= RECORDS SUPPLIED =
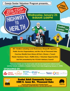 La Agencia para la Tercera Edad del Condado de Ventura (VCAAA) tendrá un stand en el CSVP Wellness Fest 2026, y el comité de fuerza laboral del Consejo Asesor de la VCAAA organizará una feria de empleo para personas mayores. El evento tendrá lugar el miércoles 21 de enero, de 9:00 a. m. a 1:00 p. m., en el Centro Comunitario para Adultos Goebel, en Thousand Oaks (1385 E. Janss Road).
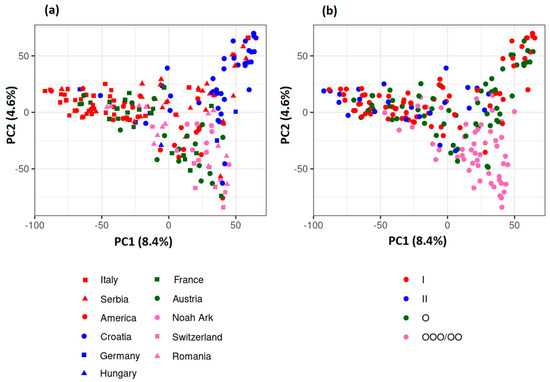 Principal component analysis of 207 cultivars of the European soybean germplasm collection based on (a) country of origin and (b) maturity groups.
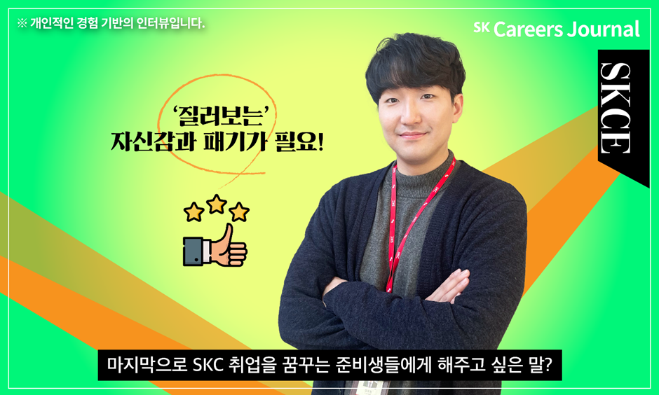 산업에 대한 전문 지식을 공부한다고 해도 취업 전에 접근할 수 있는 정보는 제한적이기 때문에, 지식의 유무가 취업의 당락을 좌우하는 것 같지는 않습니다. 오히려 그 지식이 빛을 발하는 건 취업 후라고 생각합니다. 특히나 SKC의 주력 분야가 문과 전공자에게는 생소한 화학분야의 제조업이다보니 산업의 흐름을 따라가기 위해 취업 후에도 끊임없는 자기계발과 공부가 필요하다는 것을 일하면서 매일같이 몸소 느낍니다.
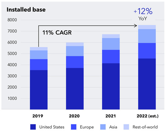 Worldwide distribution of da Vinci robotic surgical systems between 2019 and 2022 (https://isrg.gcs-web.com) (accessed on 12 June 2023).
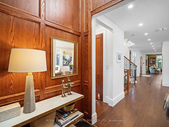 Welcome to this stunning 2-storey residence in the heart of Humber Valley Village, perfectly positioned on a quiet, family friendly street and offering ultimate privacy with its treed lot backing onto church. Completely move in ready, this home combines thoughtful design, quality craftsmanship, and modern upgrades throughout. Step inside and be wowed by the open concept main floor (renovated in 2017), featuring a seamless flow between the living, dining, and kitchen areas - ideal for both everyday living and entertaining. The chef's kitchen impresses with high end JennAir appliances, Quartz counters, a large centre island with a custom walnut dining extension, and walk-in pantry. The living room boasts a gas fireplace, while the cozy family room at the rear overlooks the serene backyard and features a wood-burning fireplace. Plus mudroom with garage access, main floor laundry, and powder room complete this level. Upstairs, you'll find 5 spacious bedrooms, including a peaceful primary suite with a walk-out balcony surrounded by treetops, a walk-in closet, and a luxurious 5pc ensuite. Bedroom 2 features its own 4pc ensuite, while bedrooms 3 & 4 share a semi-ensuite bath - plus a versatile 5th bedroom perfect for a home office or lounge. The renovated lower level offers even more living space, with a bright rec/games room, gas fireplace with built-ins, wine cellar, gym, an additional bedroom with a 3pc semi-ensuite and steam shower, and generous storage rooms. Outside, enjoy a private backyard oasis complete with multiple lounging areas, a hot tub, and a storage shed. Major updates include a new roof (2023) and furnace/AC (2022) + emergency generator - all you need to do is move in and enjoy! Located in the coveted Humber Valley Village community, close to top-rated schools, parks, shopping, highways, and downtown Toronto - this home truly has it all!
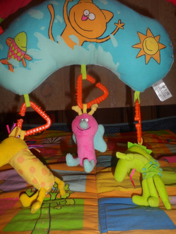 7.) Игрушки-подвески : пищалка, тянучка , колокольчик. 100 руб. и коврик(1,5*1 м) в придачу.ПРОДАНО
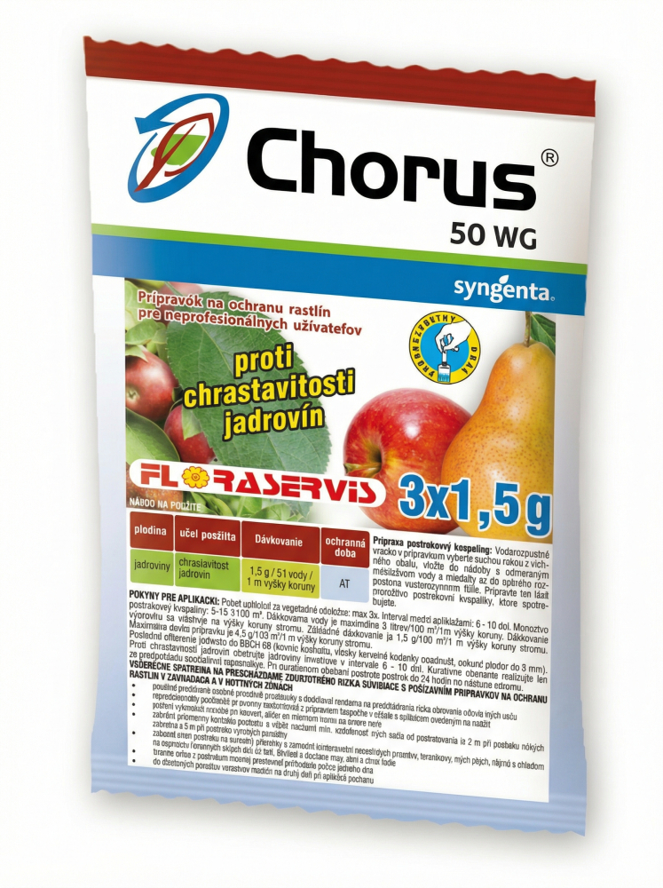 CHORUS 50 WG je účinný systémový fungicíd určený na ochranu ovocných stromov a viniča proti hubovým chorobám, najmä v skorých fázach vegetácie. Vďaka systémovému pôsobeniu preniká do pletív rastlín a poskytuje spoľahlivú ochranu aj pri nižších teplotách.
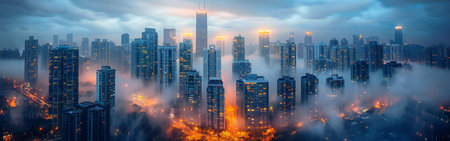A panoramic view of a modern city skyline with tall skyscrapers emerging from a thick layer of fog at dusk. The warm glow of city lights shines through the fog, creating a mesmerizing scene.
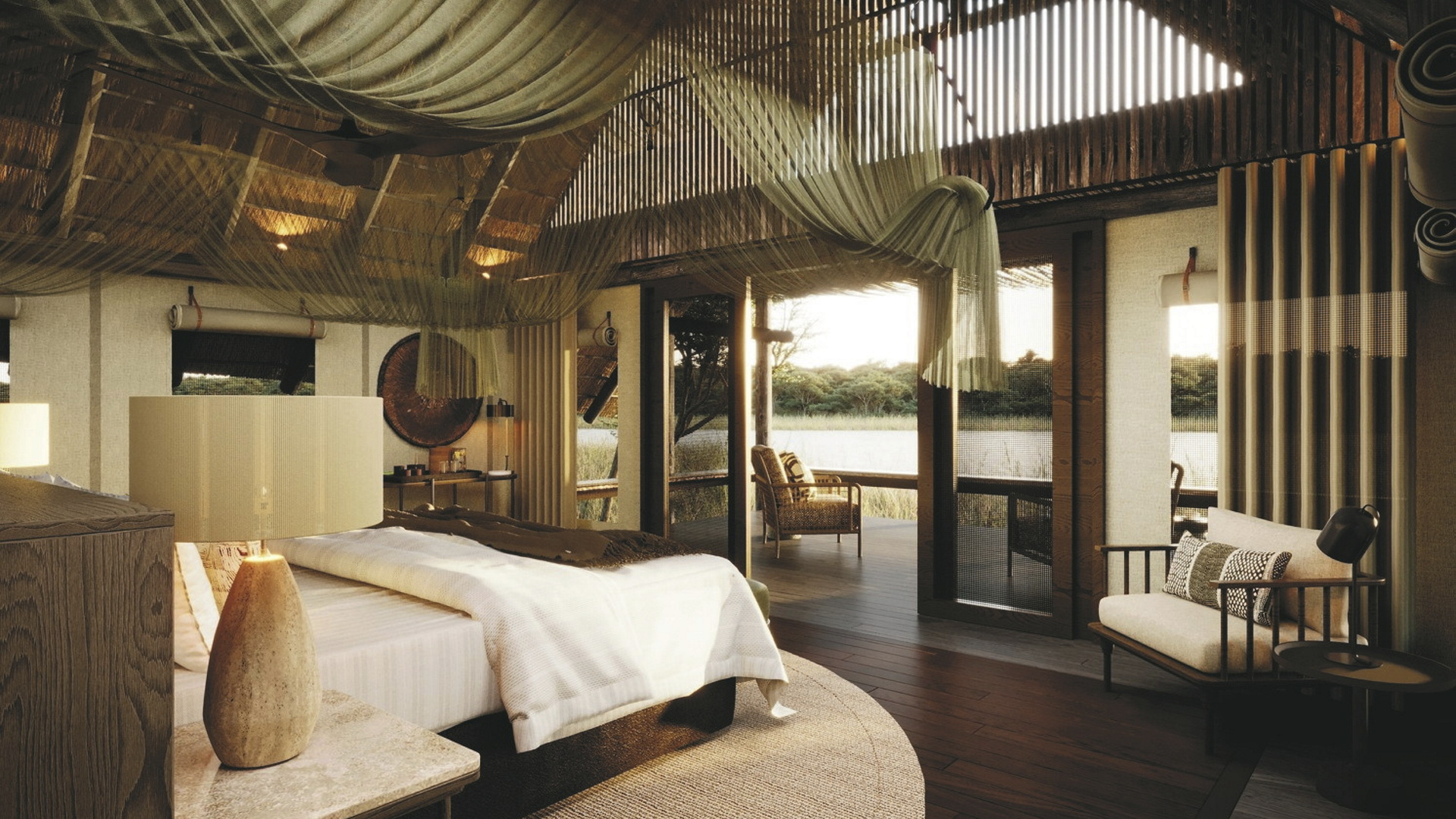 Die 15 Luxuszelte verbinden modernes Design mit afrikanischen Stilelementen: helle, großzügige Räume, traditionelle Reetdächer, dunkle Holzböden und stilvolle Details wie Marmortische und Moskitonetze über den Betten schaffen eine elegante, naturnahe Atmosphäre. Jedes Zelt verfügt über ein eigenes Badezimmer mit Doppelwaschbecken sowie Innen- und Außendusche. Das großzügige Familienzimmer besteht aus zwei separaten Schlafzimmern und zwei Badezimmern. Alle Zelte sind entlang des Khwai Flussufers verteilt und bieten von der privaten Terrasse aus einen freien Blick auf die umliegende Wildnis – ein idealer Ort für Tierbeobachtungen direkt vom Zimmer aus.
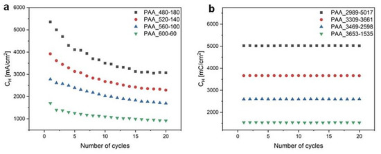 CH as a function of the number of cycles determined for (a) time- and (b) charge density-controlled mode pulse anodization.

= EXERCISE BRIEF =
Could you transcribe every entry above exactly, leaving out the images?

= RESULT FOR THIS EXERCISE =
 La Agencia para la Tercera Edad del Condado de Ventura (VCAAA) tendrá un stand en el CSVP Wellness Fest 2026, y el comité de fuerza laboral del Consejo Asesor de la VCAAA organizará una feria de empleo para personas mayores. El evento tendrá lugar el miércoles 21 de enero, de 9:00 a. m. a 1:00 p. m., en el Centro Comunitario para Adultos Goebel, en Thousand Oaks (1385 E. Janss Road).
 Principal component analysis of 207 cultivars of the European soybean germplasm collection based on (a) country of origin and (b) maturity groups.
 산업에 대한 전문 지식을 공부한다고 해도 취업 전에 접근할 수 있는 정보는 제한적이기 때문에, 지식의 유무가 취업의 당락을 좌우하는 것 같지는 않습니다. 오히려 그 지식이 빛을 발하는 건 취업 후라고 생각합니다. 특히나 SKC의 주력 분야가 문과 전공자에게는 생소한 화학분야의 제조업이다보니 산업의 흐름을 따라가기 위해 취업 후에도 끊임없는 자기계발과 공부가 필요하다는 것을 일하면서 매일같이 몸소 느낍니다.
 Worldwide distribution of da Vinci robotic surgical systems between 2019 and 2022 (https://isrg.gcs-web.com) (accessed on 12 June 2023).
 Welcome to this stunning 2-storey residence in the heart of Humber Valley Village, perfectly positioned on a quiet, family friendly street and offering ultimate privacy with its treed lot backing onto church. Completely move in ready, this home combines thoughtful design, quality craftsmanship, and modern upgrades throughout. Step inside and be wowed by the open concept main floor (renovated in 2017), featuring a seamless flow between the living, dining, and kitchen areas - ideal for both everyday living and entertaining. The chef's kitchen impresses with high end JennAir appliances, Quartz counters, a large centre island with a custom walnut dining extension, and walk-in pantry. The living room boasts a gas fireplace, while the cozy family room at the rear overlooks the serene backyard and features a wood-burning fireplace. Plus mudroom with garage access, main floor laundry, and powder room complete this level. Upstairs, you'll find 5 spacious bedrooms, including a peaceful primary suite with a walk-out balcony surrounded by treetops, a walk-in closet, and a luxurious 5pc ensuite. Bedroom 2 features its own 4pc ensuite, while bedrooms 3 & 4 share a semi-ensuite bath - plus a versatile 5th bedroom perfect for a home office or lounge. The renovated lower level offers even more living space, with a bright rec/games room, gas fireplace with built-ins, wine cellar, gym, an additional bedroom with a 3pc semi-ensuite and steam shower, and generous storage rooms. Outside, enjoy a private backyard oasis complete with multiple lounging areas, a hot tub, and a storage shed. Major updates include a new roof (2023) and furnace/AC (2022) + emergency generator - all you need to do is move in and enjoy! Located in the coveted Humber Valley Village community, close to top-rated schools, parks, shopping, highways, and downtown Toronto - this home truly has it all!
 7.) Игрушки-подвески : пищалка, тянучка , колокольчик. 100 руб. и коврик(1,5*1 м) в придачу.ПРОДАНО
 CHORUS 50 WG je účinný systémový fungicíd určený na ochranu ovocných stromov a viniča proti hubovým chorobám, najmä v skorých fázach vegetácie. Vďaka systémovému pôsobeniu preniká do pletív rastlín a poskytuje spoľahlivú ochranu aj pri nižších teplotách.
A panoramic view of a modern city skyline with tall skyscrapers emerging from a thick layer of fog at dusk. The warm glow of city lights shines through the fog, creating a mesmerizing scene.
 Die 15 Luxuszelte verbinden modernes Design mit afrikanischen Stilelementen: helle, großzügige Räume, traditionelle Reetdächer, dunkle Holzböden und stilvolle Details wie Marmortische und Moskitonetze über den Betten schaffen eine elegante, naturnahe Atmosphäre. Jedes Zelt verfügt über ein eigenes Badezimmer mit Doppelwaschbecken sowie Innen- und Außendusche. Das großzügige Familienzimmer besteht aus zwei separaten Schlafzimmern und zwei Badezimmern. Alle Zelte sind entlang des Khwai Flussufers verteilt und bieten von der privaten Terrasse aus einen freien Blick auf die umliegende Wildnis – ein idealer Ort für Tierbeobachtungen direkt vom Zimmer aus.
 CH as a function of the number of cycles determined for (a) time- and (b) charge density-controlled mode pulse anodization.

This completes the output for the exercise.